Well, let's start with an example.

A Flickr API method can be invoked to return JSON data. Say, flickr.people.findByUsername may return a JSON-formatted output on successful call:

{'user':{'id':'99926721@N00', 'nsid':'99926721@N00', 'username':{'_content':'mderk'}}, 
'stat':'ok'} 

The string above has a lot of obvious information about the structure of possible JSON reply:

  1. The structure is an object, with two attributes -- user and stat;
  2. The user attribute is an object, with three attributes -- id, nsid and username;
  3. The id and nsid are strings, and username is an object, with one attribute -- content, which is a string;
  4. The stat attribute is a string

I assume, any successful output of flickr.people.findByUsername would be of the structure described above. If we know how to parse that string (any JSON parser would do), traverse objects in the parsed result and check the types of values in them, any valid reply can act as a schema.
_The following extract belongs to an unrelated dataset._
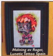
Målning av Roger, Lunatic Tattoo Spain

Ha fett med deg i fickan (Lämna skryt bunten i safetyboxen)

That's simple. If you want a schema to validate data against, simply describe the valid example. So, the schema can be defined as the very string that is specified above, or as an annotated string such as:

{'user':
{'id':'the user id (string)', 'nsid':'a string', 
'username':{'_content':'username content'}}, 
'stat':'status code (should be ok)'}

The more formal description of the schema language:

  • Strings can be defined a string literals ('anything').
  • Numeric values can be defined as number literals (3.14).
  • Boolean values can be defined as boolean literals (true or false).
  • Null values are null literals.
  • Objects are object literals ({}). That literal may have attributes defined ({'foo':1}), in which case the attributes specified are required, and no attributes other than specified are allowed.
  • Arrays are (surprise!) array literals([]). The array literal can optionally define allowed types of the values in array, e.g. ['string'] or ['string', 1]. If so, no other value types are allowed in array.

For convenience, several types can be described as strings, with '?' appended to indicate that the value can be undefined or null:

  • 'number' or 'number?' for numeric values, the latter is to indicate that the value can be skipped;
  • 'string?' for string values that can be skipped;
  • 'bool' or 'bool?' for booleans, required or not.

In my current implementation, there is no rule to indicate objects or arrays as optional, e.g. 'object?'. The problem is how we could describe an object structure in this case? The general rule is if we define an object, we should define its attributes as well. I thought about 'recursive' JSON descriptions, e.g. {'foo':'json:{\'type\': \'object\', \'required\': false, \'definition\':{\'bar\':1}}'}, but it makes life ugly, and, apart from that, who may know how deep one may dig into this recursion? The simpler solution would be to validate data against two different schemas both, one of which defined the object in question, and other -- did not. If only one of them failed, then the data is valid.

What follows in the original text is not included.